Having read a great deal of physics books and knowing many of the arguments for and against string theory, the anthropic principle, and cosmological intelligent design, I found Susskind's treatment and defense of his stance to be disappointing and muddled. The reader is left with a great deal of missing steps in his thinking, and like many string theorists, Susskind assumes the reader will accept that string theory and a multiverse system are facts from which to explore the issues. However, Susskind never establishes just why the reader should make these assumptions, and it leaves a lot of hollow ground hindering his argument.
Combined with the lack of any real attack on the "illusion of intelligent design", this sort of writing is a let down for me. I like Susskind and have watched many of his panel discussions where he is both thoughtful and clear. However, I've also watched a few of his seminars and, unfortunately, this book reads much more like his rambling, at times incoherent lectures than it does his focused and insightful panel debates. Three stars and only recommended for curious physics readers wanting to get Susskind's arguments first hand.
Book Review: Coming of Age in the Milky Way by Tim Ferris


(out of 5 stars)
Tim Ferris has a gift for writing history of science books, and many consider Coming of Age in the Milky Way his best. I have to agree. The history of astronomy and physics presented here is fantastic and engaging. Ferris has a great pace and narrative, and offers the reader a well-developed and engrossing look at what other authors have turned into a dry dissertation.
The book takes the reader through a timeline of discovery as humans came to understand various bis about their place in the universe. Early ideas, such as those of Aristole and Ptolemy are explored. The discussion of how scientists such as Copernicus, Brahe, Kepler, Gallileo, and Newton (among others) came to notice and explore phenomena left unexplained by existing theories. As humans expanded their understanding of the depths and reach of space, the progress from the Ancient Greeks to the notion of an expanding universe takes on a fascinating and is woven by Ferris into an epic tapestry of scientific discovery.

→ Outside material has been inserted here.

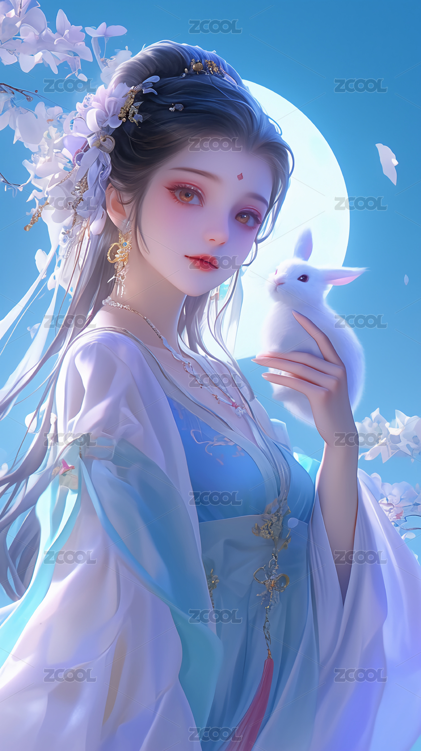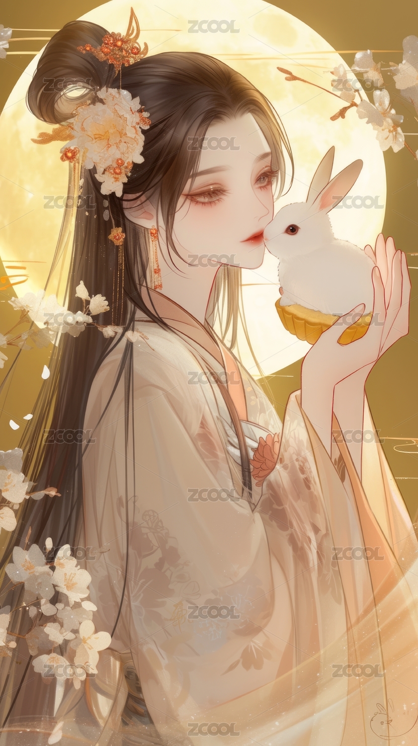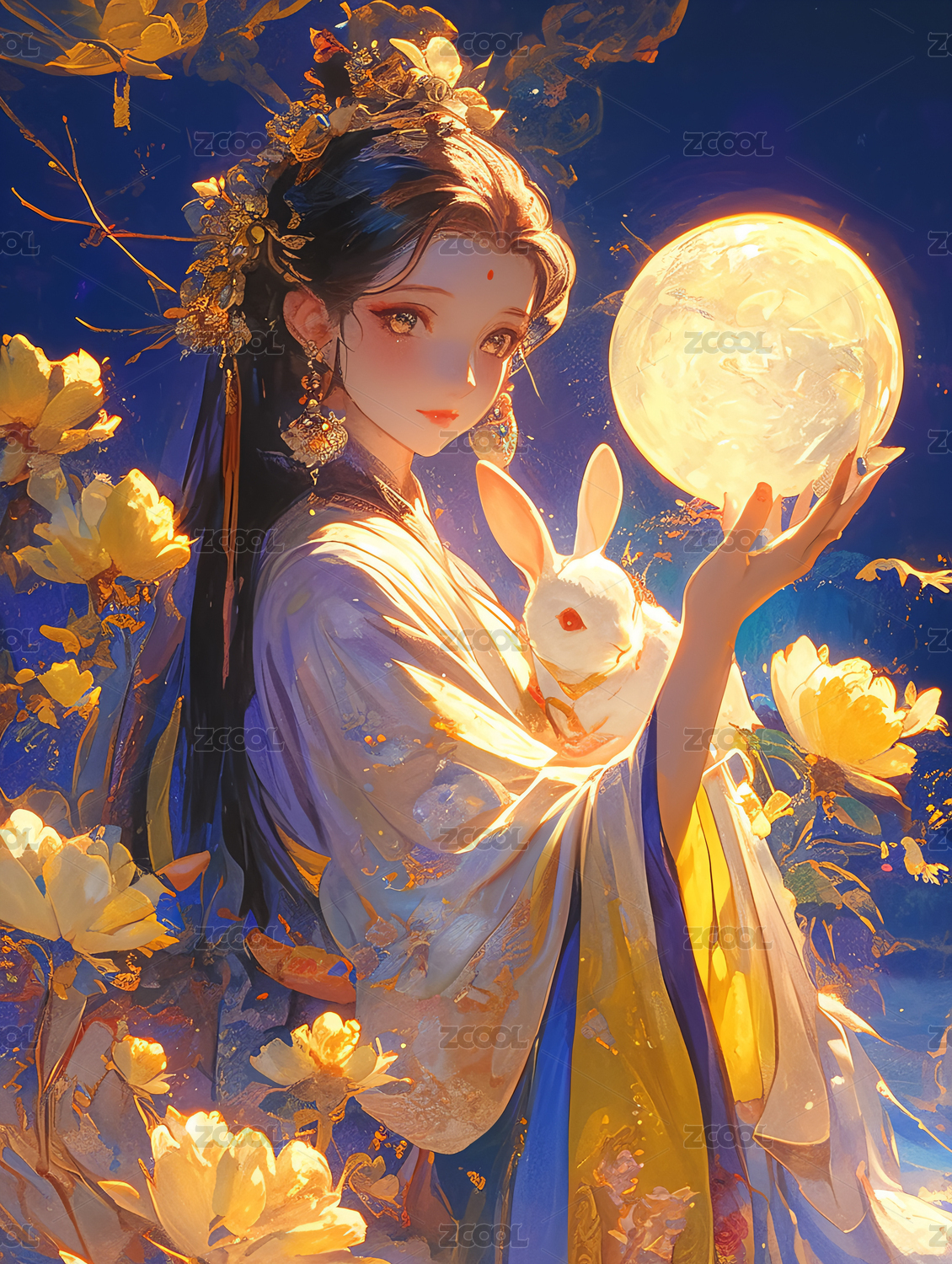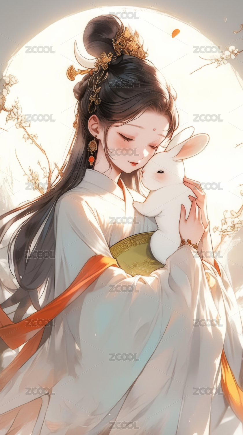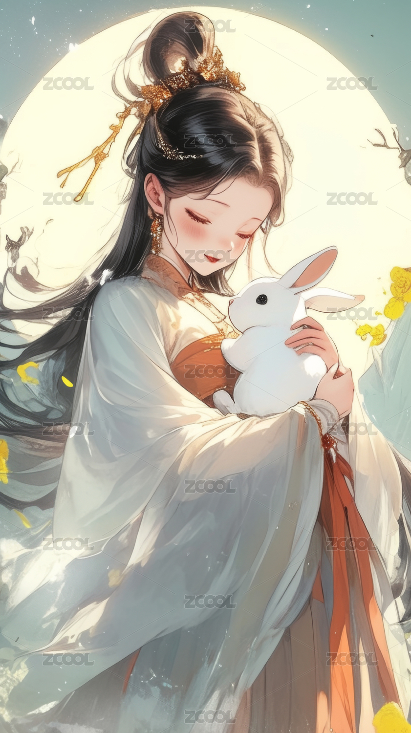 插画,神话人物,嫦娥,玉兔,中秋节,月亮,女孩,角色,兔子,古装

The second part of the book looks at the notions of Time as they progressed from various ancient theories to the modern understanding that the universe as we know it is many billions of years old.
Part Three offers a look at theories of creation, from the quantum nature of things to the concepts which developed into the Big Bang and inflationary theory. The weakest parts of the book are found in Chapters 19 and 20, where the science behind a couple of points in Ferris's narrative has become dated and shown inaccurate (the book was published in 1989). Specifically, the concept of an expanding universe which is slowing down its acceleration has been trumped by modern research (recent discoveries point to an acceleration which is increasing). Also, Ferris describes the nature of the pre-Big Bang singularity first posited by Stephen Hawking and others, a concept which Hawking has vehemently backed away from since Coming of Age was published, and Hawking now no longer supports this theory.

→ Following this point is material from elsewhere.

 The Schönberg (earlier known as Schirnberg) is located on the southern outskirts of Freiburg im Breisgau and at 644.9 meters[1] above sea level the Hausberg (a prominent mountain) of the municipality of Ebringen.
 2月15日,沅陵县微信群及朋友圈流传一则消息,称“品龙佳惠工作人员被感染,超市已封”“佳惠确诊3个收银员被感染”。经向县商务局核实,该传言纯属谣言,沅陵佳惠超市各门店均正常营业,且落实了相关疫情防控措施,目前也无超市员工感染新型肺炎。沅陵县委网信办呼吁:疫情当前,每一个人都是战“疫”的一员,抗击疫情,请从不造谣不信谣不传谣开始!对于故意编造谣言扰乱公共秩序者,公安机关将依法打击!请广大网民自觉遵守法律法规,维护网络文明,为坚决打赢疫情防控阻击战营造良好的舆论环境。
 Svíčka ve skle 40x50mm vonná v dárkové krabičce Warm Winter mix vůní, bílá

Still, Coming of Age is an enjoyable read for anyone who likes astronomy or history of science books. Ferris is an accomplished author whose work is easily approached by novices and delightful for those with experience. Four stars.
Book Review: Origins: Fourteen Billion Years of Cosmic Evolution by Neil deGrasse Tyson


(out of 5 stars)
Astrophysicist Neil deGrasse Tyson has taken up the reins from the late Carl Sagan as the leading advocate for science education and instructional entertainment. Seen on outstanding programs such as PBS's NOVA series (which he now hosts), Tyson has Sagan's gift for expressing enthusiam for science which is infective. Origins, which Dr. Tyson wrote with astronomer Donald Goldsmith, offers the reader straightforward glimpses at some of the most fascinating processes and products in our Universe, from galactic clusters to biological evolution.
The writing in Origins is approachable by any level of science reader. There are only a couple of places where complex terms might fly over the head of a novice, but the authors keep the book focused on educating a reader new to the subjects without a dense recital of the math and theory behind each one.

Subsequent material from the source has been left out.